Data:

* * *

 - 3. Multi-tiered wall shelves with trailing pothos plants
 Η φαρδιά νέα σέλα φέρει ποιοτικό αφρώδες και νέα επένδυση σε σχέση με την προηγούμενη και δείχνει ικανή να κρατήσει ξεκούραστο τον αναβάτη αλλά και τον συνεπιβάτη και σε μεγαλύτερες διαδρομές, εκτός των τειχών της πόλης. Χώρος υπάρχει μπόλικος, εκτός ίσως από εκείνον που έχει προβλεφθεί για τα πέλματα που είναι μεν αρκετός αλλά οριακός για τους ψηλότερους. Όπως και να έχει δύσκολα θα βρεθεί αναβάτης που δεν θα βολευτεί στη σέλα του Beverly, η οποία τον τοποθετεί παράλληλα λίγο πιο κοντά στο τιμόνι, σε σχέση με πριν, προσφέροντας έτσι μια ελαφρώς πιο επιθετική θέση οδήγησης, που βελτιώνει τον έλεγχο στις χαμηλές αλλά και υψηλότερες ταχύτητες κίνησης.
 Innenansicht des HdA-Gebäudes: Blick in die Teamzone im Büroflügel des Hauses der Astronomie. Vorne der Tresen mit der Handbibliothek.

* * *

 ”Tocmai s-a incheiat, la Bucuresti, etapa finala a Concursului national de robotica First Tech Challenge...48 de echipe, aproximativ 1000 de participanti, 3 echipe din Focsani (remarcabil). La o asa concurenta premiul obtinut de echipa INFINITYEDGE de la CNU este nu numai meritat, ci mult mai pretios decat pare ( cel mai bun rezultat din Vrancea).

* * *

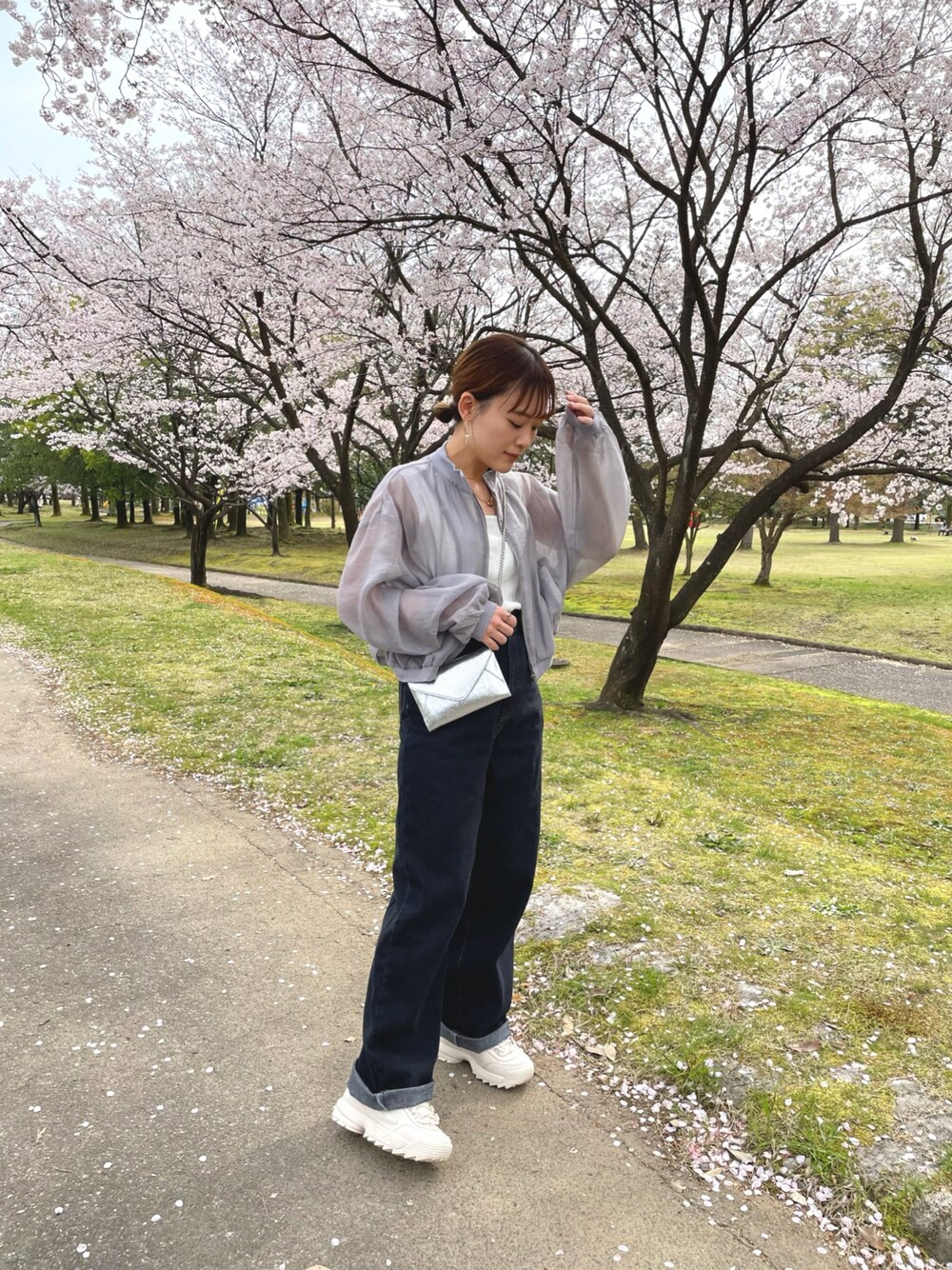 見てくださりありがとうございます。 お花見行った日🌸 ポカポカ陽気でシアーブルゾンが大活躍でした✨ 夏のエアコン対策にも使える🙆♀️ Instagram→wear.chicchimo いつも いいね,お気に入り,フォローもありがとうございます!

* * *

Required action:
Copy the stretch of the records above that runs from the line with "- 3. Multi-tiered" through the line with "Innenansicht des HdA-Gebäudes: Blick". Both end lines belong in the copy, and nothing else does.

Result for this task:
 - 3. Multi-tiered wall shelves with trailing pothos plants
 Η φαρδιά νέα σέλα φέρει ποιοτικό αφρώδες και νέα επένδυση σε σχέση με την προηγούμενη και δείχνει ικανή να κρατήσει ξεκούραστο τον αναβάτη αλλά και τον συνεπιβάτη και σε μεγαλύτερες διαδρομές, εκτός των τειχών της πόλης. Χώρος υπάρχει μπόλικος, εκτός ίσως από εκείνον που έχει προβλεφθεί για τα πέλματα που είναι μεν αρκετός αλλά οριακός για τους ψηλότερους. Όπως και να έχει δύσκολα θα βρεθεί αναβάτης που δεν θα βολευτεί στη σέλα του Beverly, η οποία τον τοποθετεί παράλληλα λίγο πιο κοντά στο τιμόνι, σε σχέση με πριν, προσφέροντας έτσι μια ελαφρώς πιο επιθετική θέση οδήγησης, που βελτιώνει τον έλεγχο στις χαμηλές αλλά και υψηλότερες ταχύτητες κίνησης.
 Innenansicht des HdA-Gebäudes: Blick in die Teamzone im Büroflügel des Hauses der Astronomie. Vorne der Tresen mit der Handbibliothek.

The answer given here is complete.